We value the work of the sub-committee. It is a new process that is evolving. The Government takes the committee's submissions and comments very seriously. We take account of them when formulating our position. It is important the Government maintains flexibility to negotiate independently particular issues on behalf of Ireland. However, it is not just committees and Ministers who carry out this work. Our ambassadors at EU level are currently involved in these negotiations. I have no problem with changes in the structure of EU scrutiny. If the members of the sub-committee feel more attention and resources should be given, we will support that.
I listened to Deputy Harkin today and she pointed out that membership of the sub-committee may not re-elect a Deputy to Parliament and wondered how much time Deputies could, therefore, give to the committee. These are all questions we must ask ourselves as individual politicians. We always take on board the advice we are given, taking into account the legal parameters and the responsibility of the Government to get the best decision possible for the people of Ireland.
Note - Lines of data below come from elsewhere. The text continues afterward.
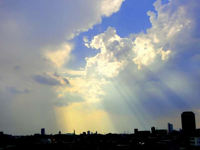 雲間から、太陽の光が地上に降り注ぐ情景。
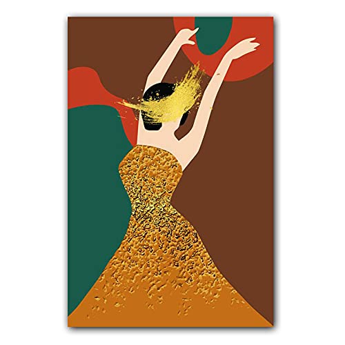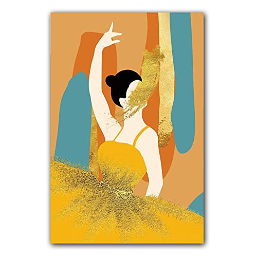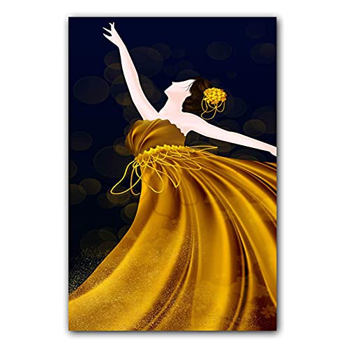 Figuur Olieverf Goud Rok Danser Poster Abstract Canvas Schilderij Woonkamer Gang Woondecoratie Muurschildering 60x80cm…
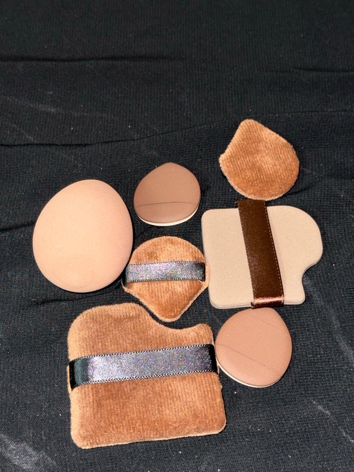 Çeşitli şekillerde ve kumaş bantlı, kolay tutuşlu bej makyaj süngeri ve uygulama pedleri seti. Pürüzsüz makyaj için uygundur.
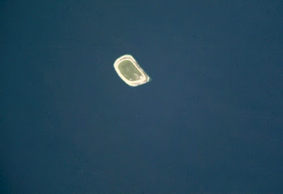 Manihiki is an atoll of the Northern Cook Islands, being located 43 km southeast from Rakahanga. The atoll, which is around 4 km across, consists of some 40 reef islets surrounding a deep cental lagoon which has no entrance passages to the open ocean. The islets of Manihiki have a combined land of area of 5.4 km² — the largest being the long and narrow Ngake which forms the entire northeastern border (bottom side in the above image) to the atoll. Dotted within the lagoon are are a number of tiny islets and numerous coral heads.

Any Minister in this House, when asked a direct question, will give an answer based on what happened on a particular occasion. There is still no formula in the EU to make this information obvious and open. Until the proposed constitution is passed, we have no formula to provide for that.
There are two strands to the scrutiny process. One strand relates to the questioning of Ministers before the General Affairs and External Relations Council meetings in Europe. The Minister comes before the sub-committee and is cross-examined on issues arising at future meetings. The other strand is the scrutiny of documents and regulations. The Department of Foreign Affairs co-ordinates these and they are sent to the sub-committee. I meet the officials before the documents are presented to the committee and then they are delegated to the relevant sectoral committees. These committees examine them and their implications for the country and they make a judgment on the contents of those reports. That is fairly in-depth scrutiny. My only reservation concerns the resources being made available to civil servants attached to the Sub-Committee on European Scrutiny, who face a horrendous amount of work.